### Work to be completed:
A word-for-word copy of the data is what's wanted, with no pictures.

### Data for processing:
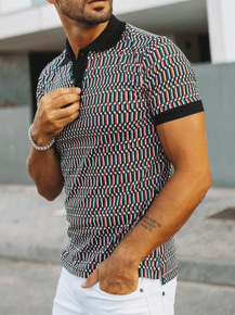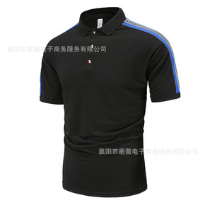 2021年亚马逊 新款条纹印花翻领短袖套头休闲男T...
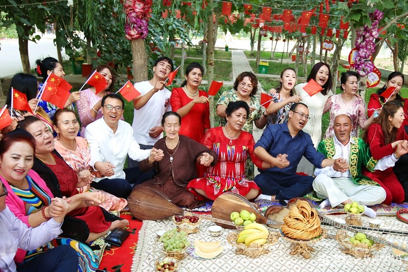 浙江省宁波市援疆干部、库车市融媒体中心职工与库车市萨克萨克街道惠民社区居民同唱《我和我的祖国》,表达对伟大祖国的祝福(2020年10月1日摄)。尼亚孜·热合曼摄
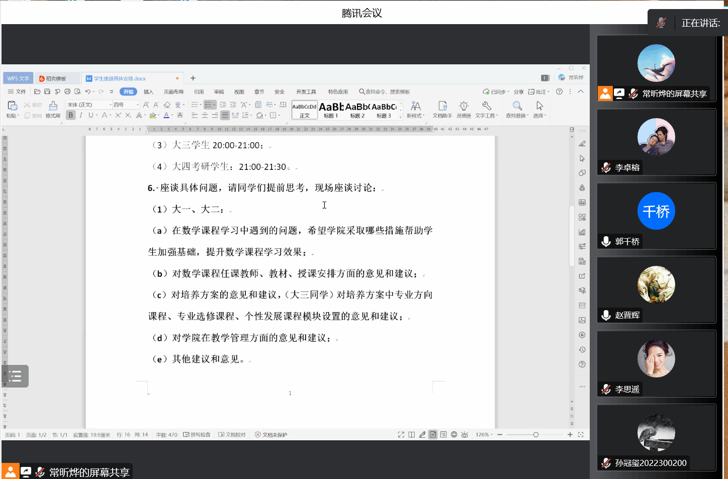为贯彻落实一流本科人才培养行动计划,提高立德树人质量,2023年1月6日,十大外围足球平台app召开期末本科生线上座谈会。十大外围足球平台app教学副经理郭千桥,经理助理刘晓刚,教学秘书常昕烨、李思遥、李卓榕,及本科四个年级的员工代表参加了本次会议。
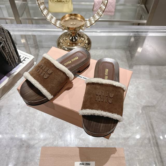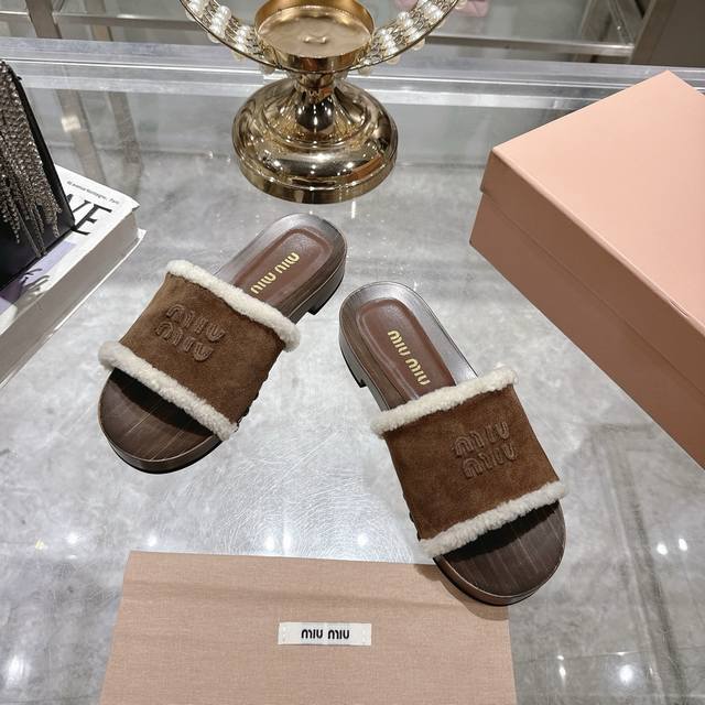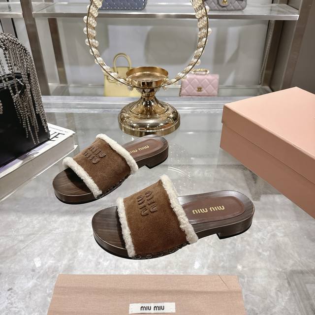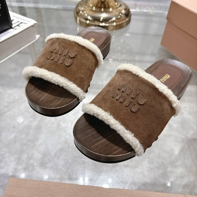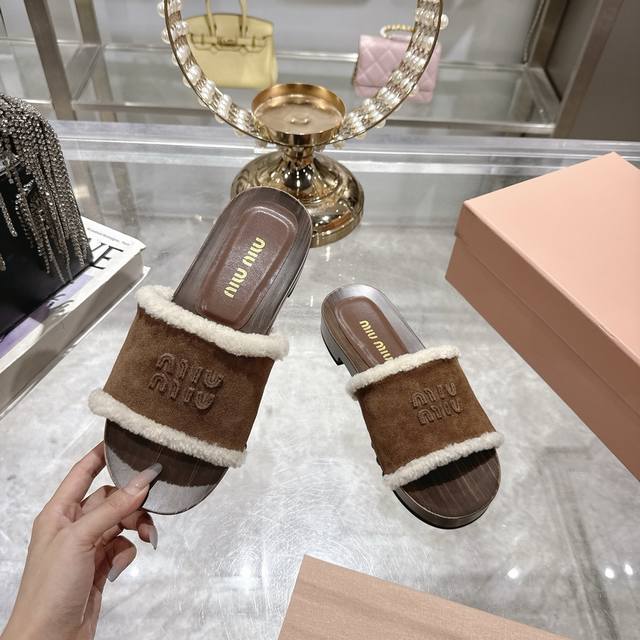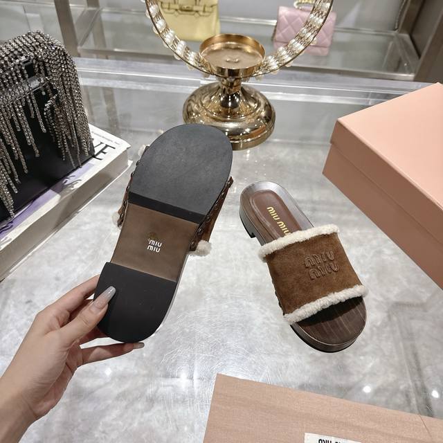 Factory Miu Miu new autumn and winter catwalk solid wood sole wool half-slip, comfortable and soft to wear, open toe style is particularly convenient to wear, wear as you go
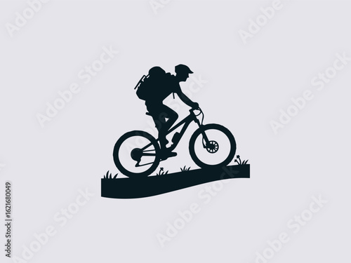© Ani, Obraz premium Modern mountain bike vector logo with tire treads and peak silhouette for extreme sports brand identity
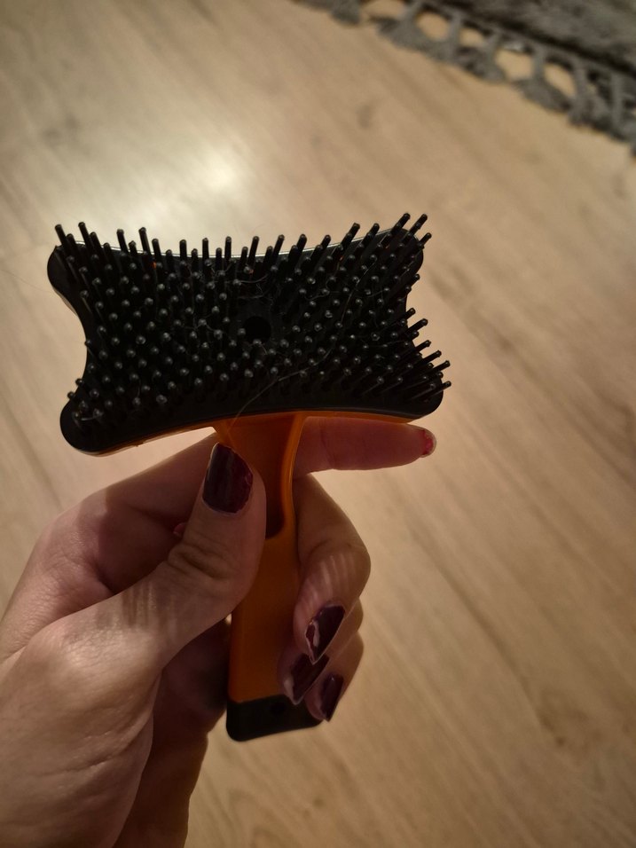 kedi tüyü toplayıcı fırça, esnek kıllarıyla gevşek tüyleri etkili şekilde toplar. Rahat sapı vardır.
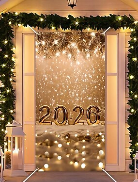 Новый год Плакаты Дверная крышка Наружные баннеры с Новым Годом 2026 г. Симпатичные Стиль 3D
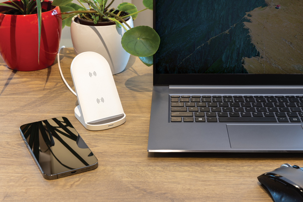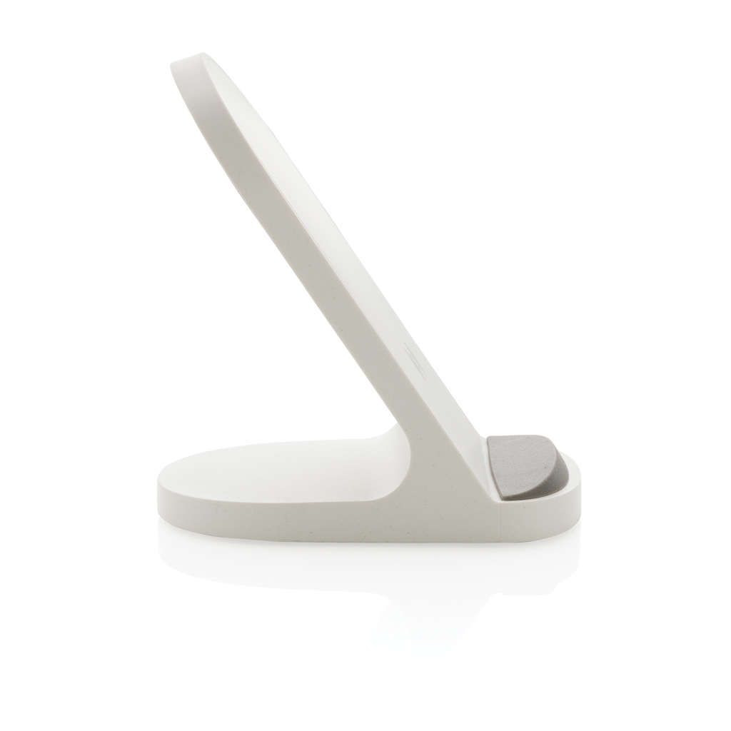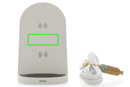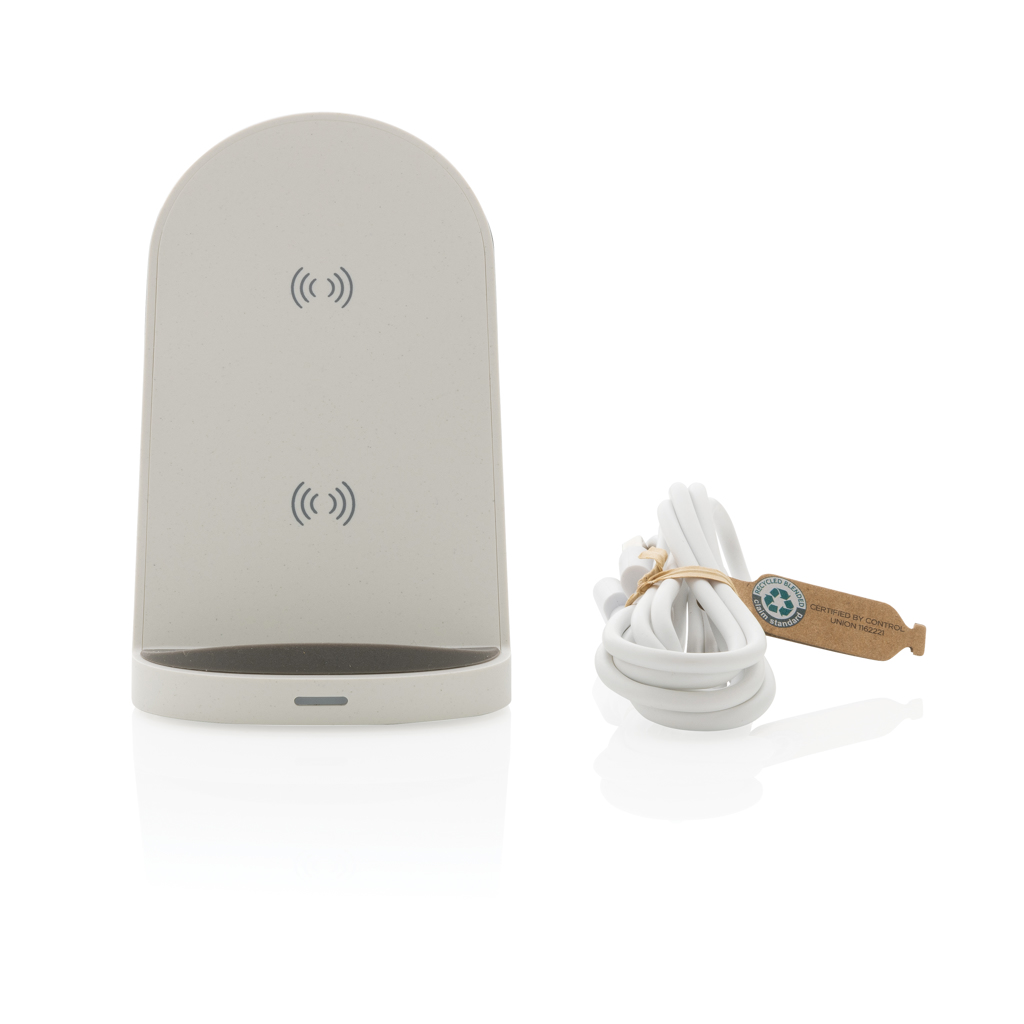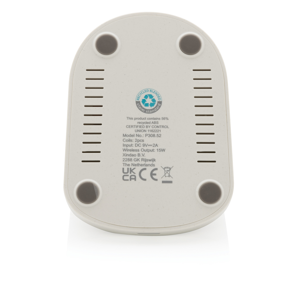 15W wireless fast charger stand with two integrated charging coils. The stand supports both horizontal as well as vertical charging. Made with RCS (Recycled Claim Standard) certified recycled materials. Total recycled content: 56% based on total item weight. RCS certification ensures a completely certified supply chain of the recycled materials. Including 150 cm PVC free recycled TPE material charging cable. ; Item and accessories 100% PVC free. Packed in FSC mix packaging. Wireless charging compatible with Android latest generations, iPhone 8 and up. Input: 12V/1.67A. Wireless Output: 9V/1.5A 15W.
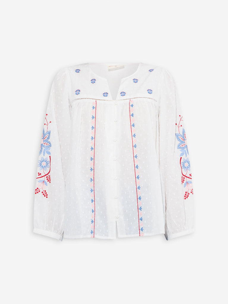 This white blouse from Bombay Paisley is fashioned with floral patterns and swiss dot embroidery that add a touch of timeless elegance. Crafted from pure cotton for elevated comfort, it features a split neck that flows into a neat button placket, while blouson sleeves lend a relaxed yet refined silhouette.

### Solution to this task:
 2021年亚马逊 新款条纹印花翻领短袖套头休闲男T...
 浙江省宁波市援疆干部、库车市融媒体中心职工与库车市萨克萨克街道惠民社区居民同唱《我和我的祖国》,表达对伟大祖国的祝福(2020年10月1日摄)。尼亚孜·热合曼摄
为贯彻落实一流本科人才培养行动计划,提高立德树人质量,2023年1月6日,十大外围足球平台app召开期末本科生线上座谈会。十大外围足球平台app教学副经理郭千桥,经理助理刘晓刚,教学秘书常昕烨、李思遥、李卓榕,及本科四个年级的员工代表参加了本次会议。
 Factory Miu Miu new autumn and winter catwalk solid wood sole wool half-slip, comfortable and soft to wear, open toe style is particularly convenient to wear, wear as you go
© Ani, Obraz premium Modern mountain bike vector logo with tire treads and peak silhouette for extreme sports brand identity
 kedi tüyü toplayıcı fırça, esnek kıllarıyla gevşek tüyleri etkili şekilde toplar. Rahat sapı vardır.
 Новый год Плакаты Дверная крышка Наружные баннеры с Новым Годом 2026 г. Симпатичные Стиль 3D
 15W wireless fast charger stand with two integrated charging coils. The stand supports both horizontal as well as vertical charging. Made with RCS (Recycled Claim Standard) certified recycled materials. Total recycled content: 56% based on total item weight. RCS certification ensures a completely certified supply chain of the recycled materials. Including 150 cm PVC free recycled TPE material charging cable. ; Item and accessories 100% PVC free. Packed in FSC mix packaging. Wireless charging compatible with Android latest generations, iPhone 8 and up. Input: 12V/1.67A. Wireless Output: 9V/1.5A 15W.
 This white blouse from Bombay Paisley is fashioned with floral patterns and swiss dot embroidery that add a touch of timeless elegance. Crafted from pure cotton for elevated comfort, it features a split neck that flows into a neat button placket, while blouson sleeves lend a relaxed yet refined silhouette.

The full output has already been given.